Due to the recent significant increase in the scale of both domestic and international cargo transportation, the transport sector is becoming an important factor in the country’s economic development. This implies the need to improve all links in the cargo transportation chain. A key role in it is played by logistics centers, which in their activities must meet both state (CO 2 emissions, reduction in road load, increase in transportation safety, etc.) and commercial (cargo transportation in the shortest time and at the lowest cost) requirements. The objective of the paper is freight transportation from China to European countries, reflecting issues of CO 2 emissions, reduction in road load, and increase in transportation safety. Transport operations from the manufacturer to the logistics center are especially important in this chain, since the efficiency of transportation largely depends on the decisions made by its employees.

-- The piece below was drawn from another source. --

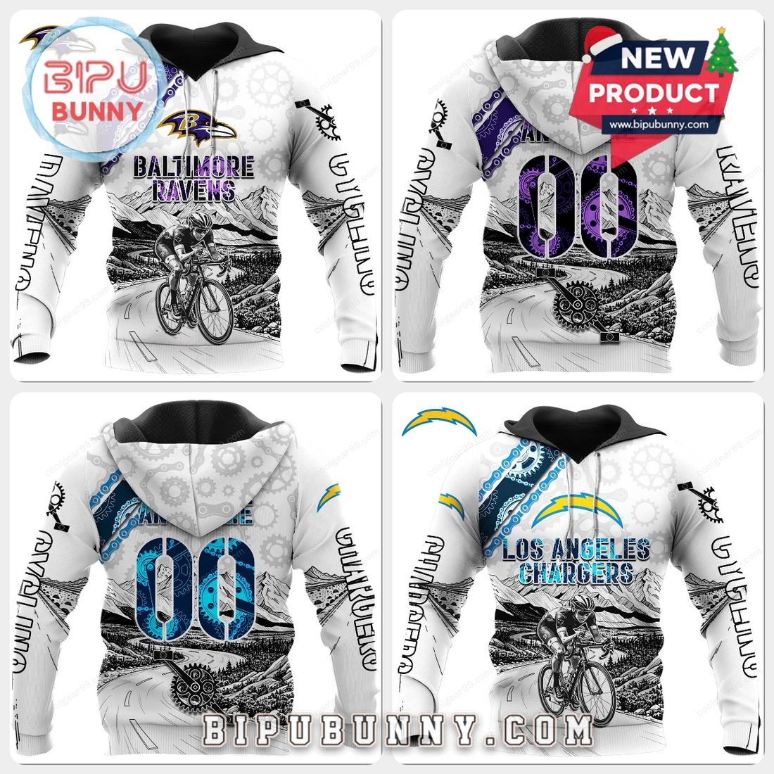 Each team version brings its own color stripe pattern on the chest and hood—purple for the Ravens, royal blue for the Rams, burnt orange for the Bears, and so on—so you get something that feels truly tied to your team. Whether you’re into cycling or just want a standout hoodie that combines sports and motion, this collection delivers.

They select the appropriate types of transport (air, sea, rail, and road transport) and routes for a specific situation. In methodology, the analyzed problem can be presented as a dynamic multi-criteria decision model. It is assumed that the decision-maker—the manager responsible for planning transportation operations—is interested in achieving three basic goals: financial goal minimizing total delivery costs from factories to the logistics center, environmental goal minimizing the negative impact of supply chain operations on the environment, and high level of customer service goal minimizing delivery times from factories to the logistics center. The proposed methodology allows one to reduce the total carbon dioxide emission by 1.1 percent and the average duration of cargo transportation by 1.47 percent. On the other hand, the total cost of their delivery increases by 1.25 percent. By combining these, it is possible to create optimal transportation options, effectively use vehicles, reduce air pollution, and increase the quality of customer service. All this would significantly contribute to the country’s socio-economic development. It is proposed to solve this complex problem based on a dynamic multi-criteria model. In this paper, the problem of constructing a schedule of transport operations from factories to a logistics center is considered. The analyzed problem can be presented as a dynamic multi-criteria decision model. Linear programming and the AHP method were used to solve it.

Suggested Citation

  • Veslav Kuranovič & Leonas Ustinovichius & Maciej Nowak & Darius Bazaras & Edgar Sokolovskij, 2025. "Improving the Freight Transportation System in the Context of the Country’s Economic Development," Sustainability, MDPI, vol. 17(14), pages 1-17, July.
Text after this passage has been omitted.